*** SUPPLIED INFORMATION

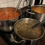 Nach dem Gottesdienst packten alle schnell mit an. Der Raum wurde umgeräumt, die verschiedenen, mitgebrachten Suppen erwärmt und schnell noch Brot geholt. Dann versammelten sich alle an einer großen Tafel. Gemeinsam wurde nun gekostet und geredet. „Das war schön“, war die weitverbreitete Meinung zu diesem Vormittag.
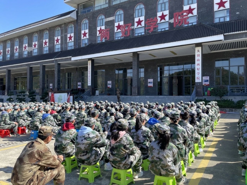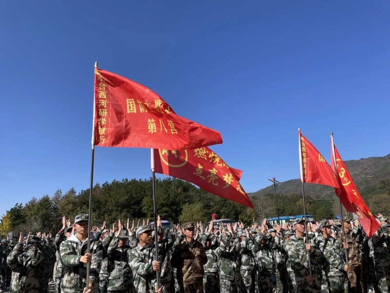 開營儀(yi) 式上,學生換上迷彩服,戴上五星帽,站姿挺立,目光如炬,認真聆聽金剛台28年紅旗不倒的抗戰故事,感悟用鮮血和生命鑄就的“堅守信念、胸懷全局、團結奮進、勇當前鋒”的大別山精神。學生宣誓授旗,國歌起,氣勢昂,鏗鏘有力的宣誓聲響徹整個(ge) 大別山穀。
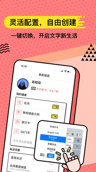 套路键盘客户端是一款十分有趣的手机输入法软件,软件收录了许多经典语录,用户可以寻找自己喜欢的语录并收藏,下一次就能够快捷使用这些语录来聊天了,软件给用户带来了极大的便利。软件还为用户提供自动发送模式,可提前编辑好文案内容来定时发送,可以与语录功能搭配使用,快速生成适用于不同场景的文案,操作简单又方便。
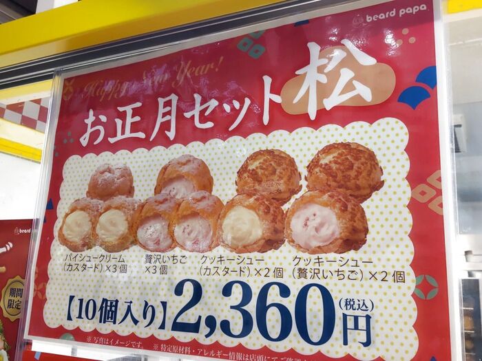 苺の方が、期間限定品のシュークリームだそう→2024年1月1日(月)〜2月29日(木) 予定。
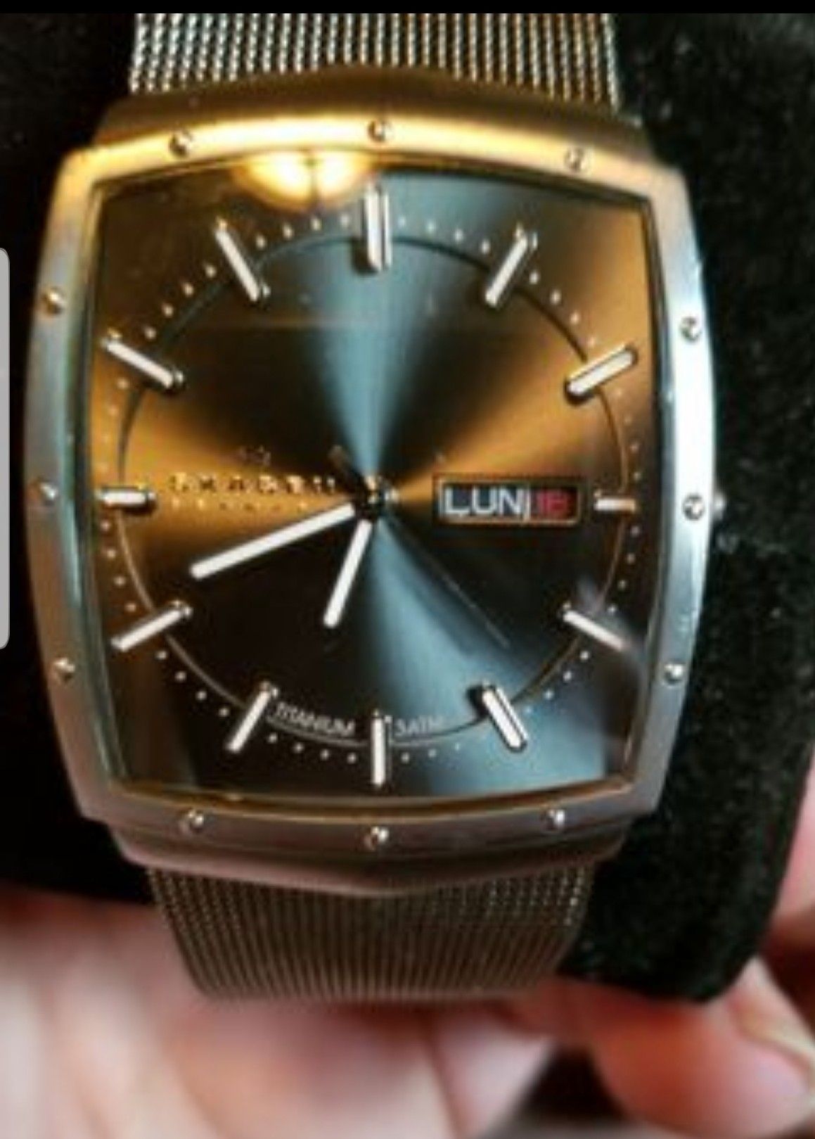 Skagen Titanium Slimline men's Date and Time watch #396lttm.... Good condition except for Some very light scratches on the clasp and back cover. All functions work. New battery. Very light weight and thin.

******

Above are the records; return the lines in them from the one with "套路键盘客户端是一款十分有趣" to the one with "苺の方が、期間限定品のシュー", inclusive, exactly and without images.

 套路键盘客户端是一款十分有趣的手机输入法软件,软件收录了许多经典语录,用户可以寻找自己喜欢的语录并收藏,下一次就能够快捷使用这些语录来聊天了,软件给用户带来了极大的便利。软件还为用户提供自动发送模式,可提前编辑好文案内容来定时发送,可以与语录功能搭配使用,快速生成适用于不同场景的文案,操作简单又方便。
 苺の方が、期間限定品のシュークリームだそう→2024年1月1日(月)〜2月29日(木) 予定。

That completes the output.